DATA PROVIDED:
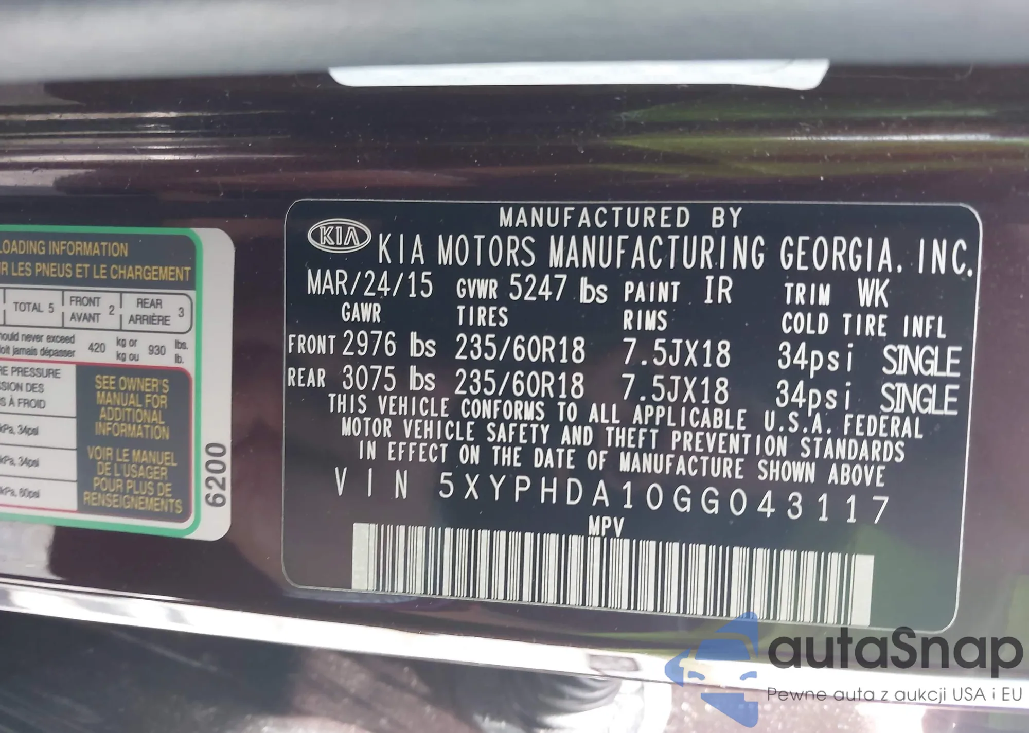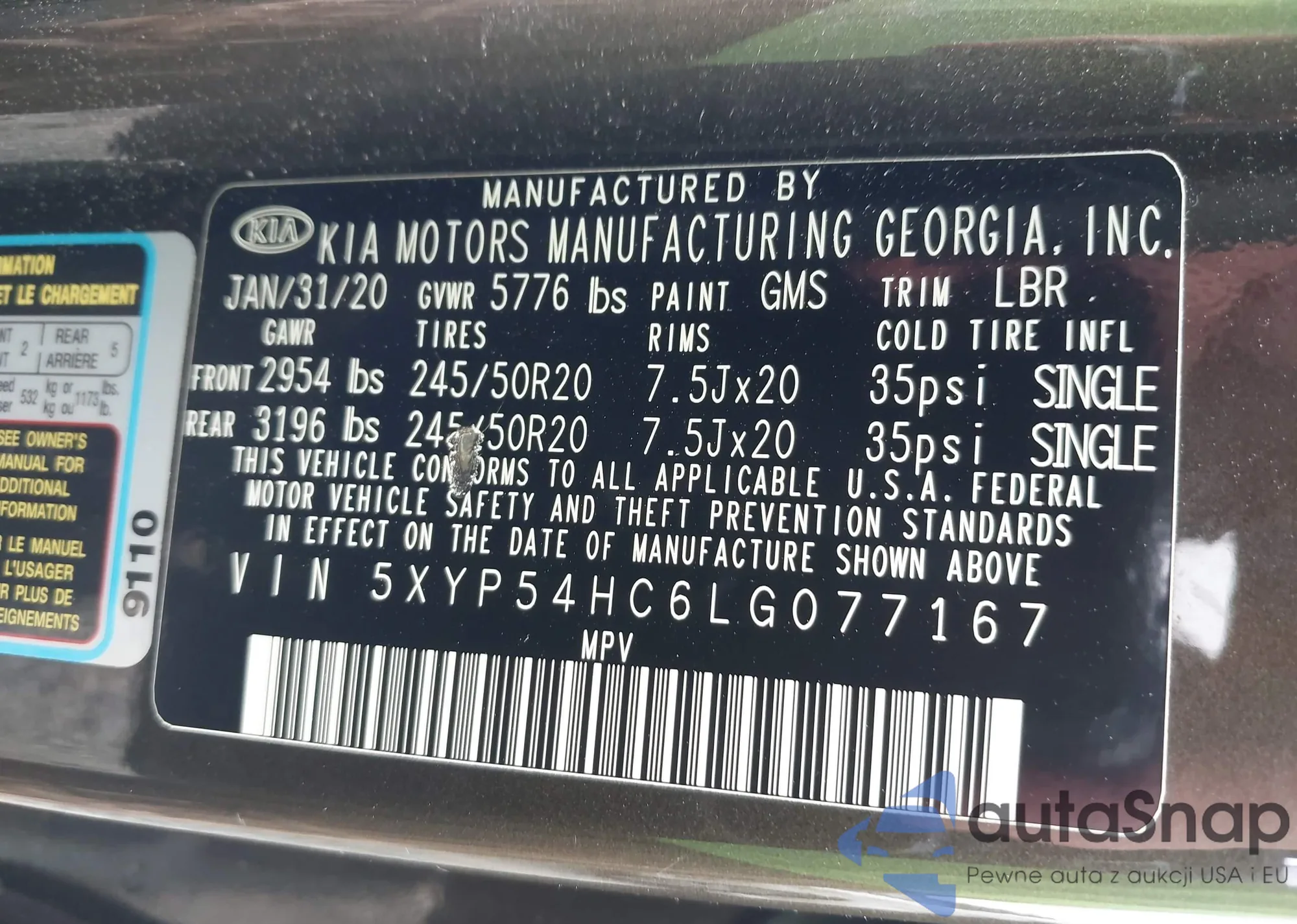 • VIN 5XYP54HC6LG077167
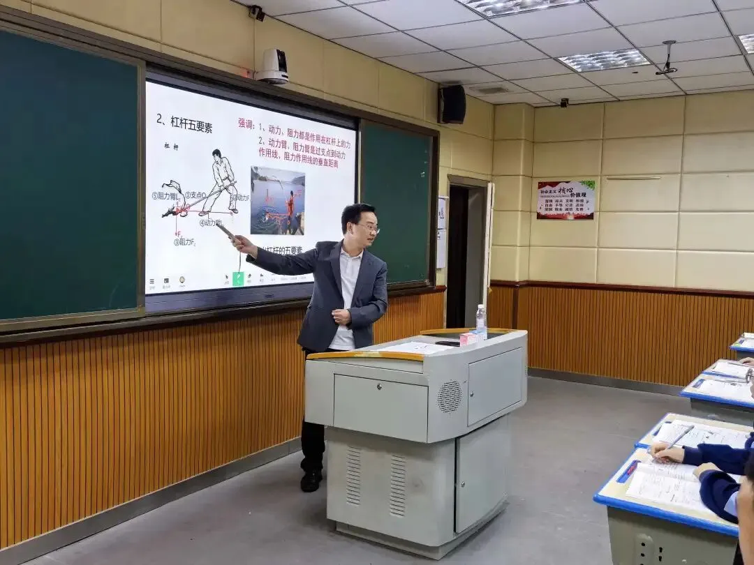 长沙市明德华兴中学郑森老师的初中物理示范课《简单机械》。在讲解杠杆时,他借助真实生活场景中的杠杆图片,直观生动地引导学生认识并掌握杠杆的五要素。随后,他带领学生分析实验数据,共同归纳得出杠杆平衡条件,并在此基础上进行知识延伸,进一步介绍动滑轮的实质——一种省力杠杆。整节课层层递进,逻辑清晰,有效帮助学生将生活现象与物理原理紧密结合。
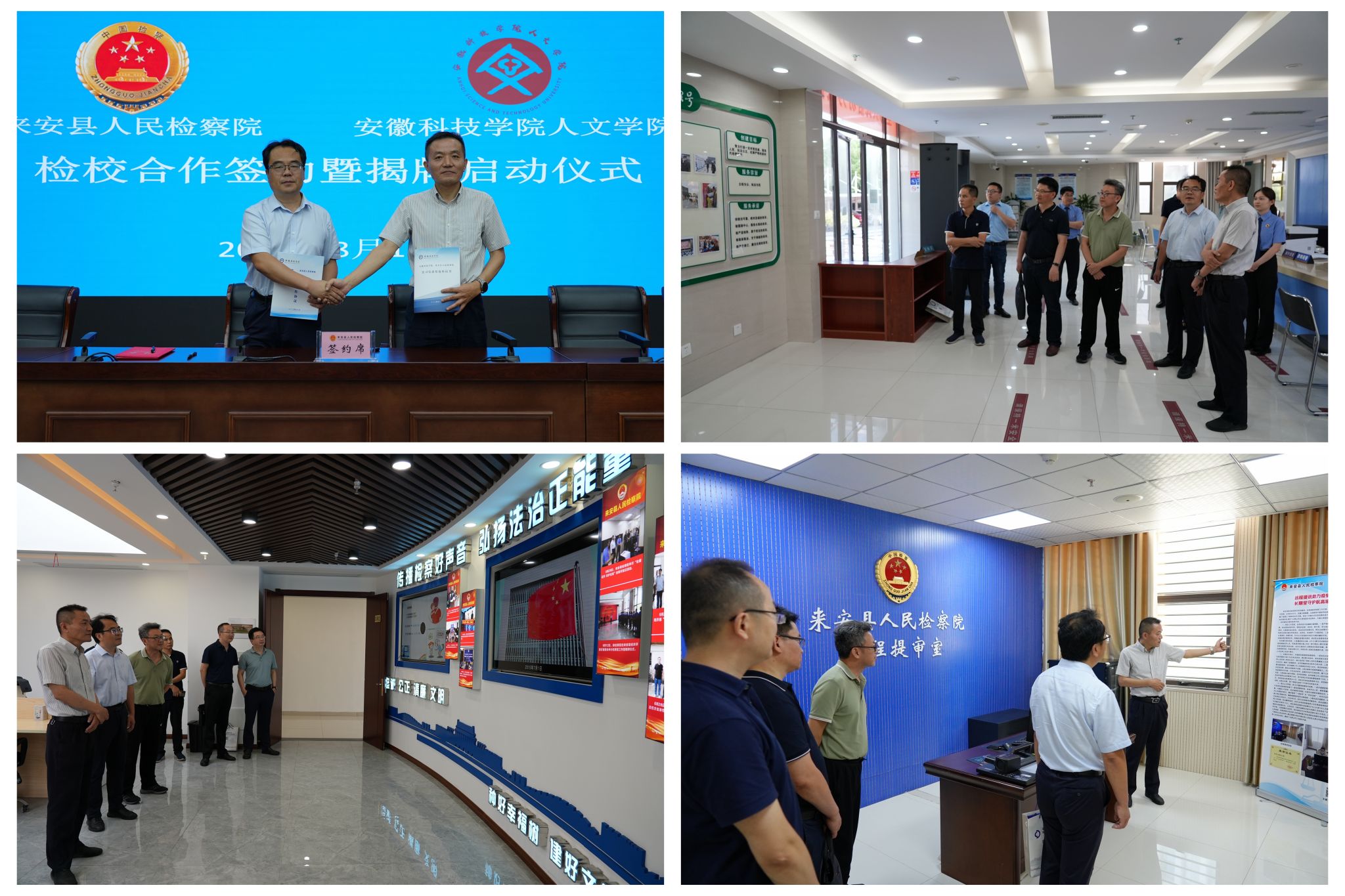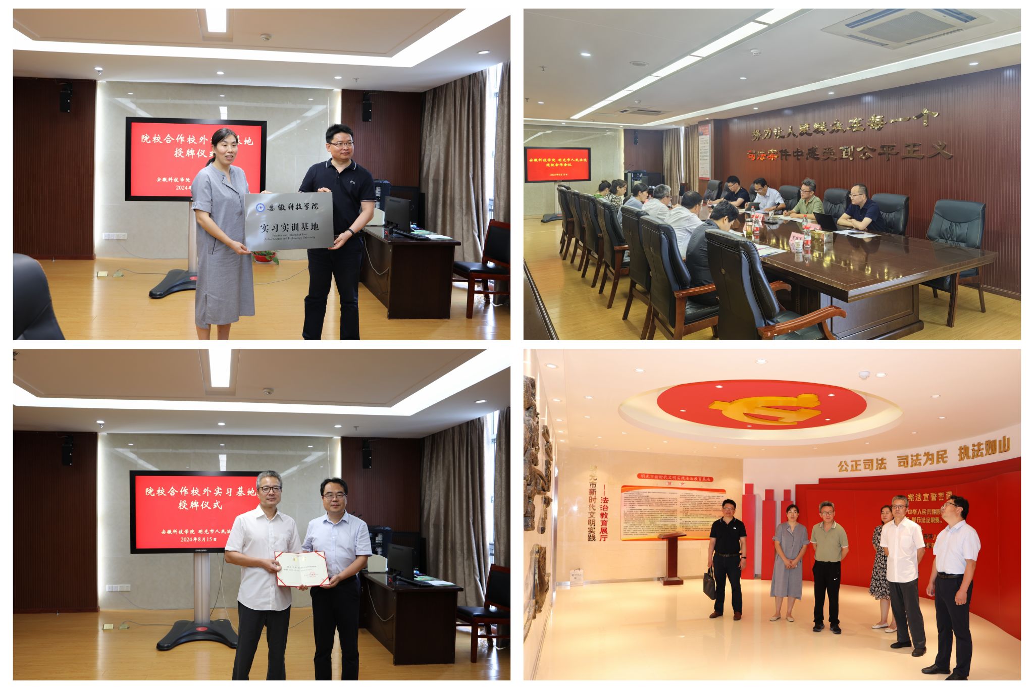 为加快推进2024届和2025届毕业生高质量充分就业,广泛听取用人单位对法学专业人才培养的意见和建议,8月15日,人文学院党委副书记、院长李晓东、正处级组织员张严政、副院长牛永辉、模拟法庭实验室主任宣刚,赴明光市人民法院和来安县人民检察院开展访企拓岗和共建合作交流,举行实习实训基地授牌仪式和校检合作签约仪式,为相关人员颁发特聘教授证书。

TASK REQUIREMENTS: Starting at the first line of the data, set down each line exactly until you have copied the line with "长沙市明德华兴中学郑森老师的", but leave the pictures out.

SOLUTION TO THE PROBLEM:
 • VIN 5XYP54HC6LG077167
 长沙市明德华兴中学郑森老师的初中物理示范课《简单机械》。在讲解杠杆时,他借助真实生活场景中的杠杆图片,直观生动地引导学生认识并掌握杠杆的五要素。随后,他带领学生分析实验数据,共同归纳得出杠杆平衡条件,并在此基础上进行知识延伸,进一步介绍动滑轮的实质——一种省力杠杆。整节课层层递进,逻辑清晰,有效帮助学生将生活现象与物理原理紧密结合。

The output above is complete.